Aesop Rock, one of the many artists displaced at the close of Def Jux, has long been praised for his lyrical deftness. He has always been able to somehow be clear and abstract simultaniously, and throws out so many complex words so fast, listeners often lose track of what’s going on at any given moment.On “Skelethon” his endeavor from 2012, Aesop spends much of his time angry or depressed. Much of the album is very isolationist, without any guest appearances from other rappers, and themes of death and loneliness which permeate the entire work. His frustration with the current scene of hip-hop, his identification with young adults who are just finding their own identity in music, and by the end, a serious critique of his own shortcomings make this a truly unique album, one where the artist faces his shortcomings head on instead of constantly hiding from them.

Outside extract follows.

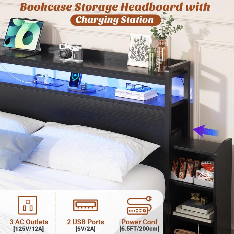 ·Headboard with Bookcase Storage and Two Slide Cabinet: The 2-tier open storage shelf on the headboard, provides ample space for commonly used items like books, phones, and other easy-get things. On each side, have 3-tier storage side nightstand that can be effortlessly pulled out, perfect for private items. With 12.6" under-bed clearance, it meets your daily storage needs and sweeping robots can also clean easily.

In any other genre, none of these albums would be particularly noteworthy – even hip-hop has seen hints of these emotionally honest, self conscious stylings in its past. The difference here is who’s making it. Each of these artists have grown up in a world where hip-hop has always existed. They remember when The Wu-Tang Clan first released “Enter The Wu Tang: 36 Chambers.” They all bought Public Enemy’s “It Takes a Nation of Millions to Hold Us Back” when it was first released. They came of age as hip-hop did, and now can successfully re-define the genre without seeming preachy or disingenuous. They’ve taken hip-hop, a genre they’ve loved for years, and turned it into a genre that is as much about self expression as any other. If this trend continues, we wont be listening to hip-hop about cars and money in 5 years time – we’ll be listening to hip-hop that is just as un-guarded and emotionally honest as music of any other genre.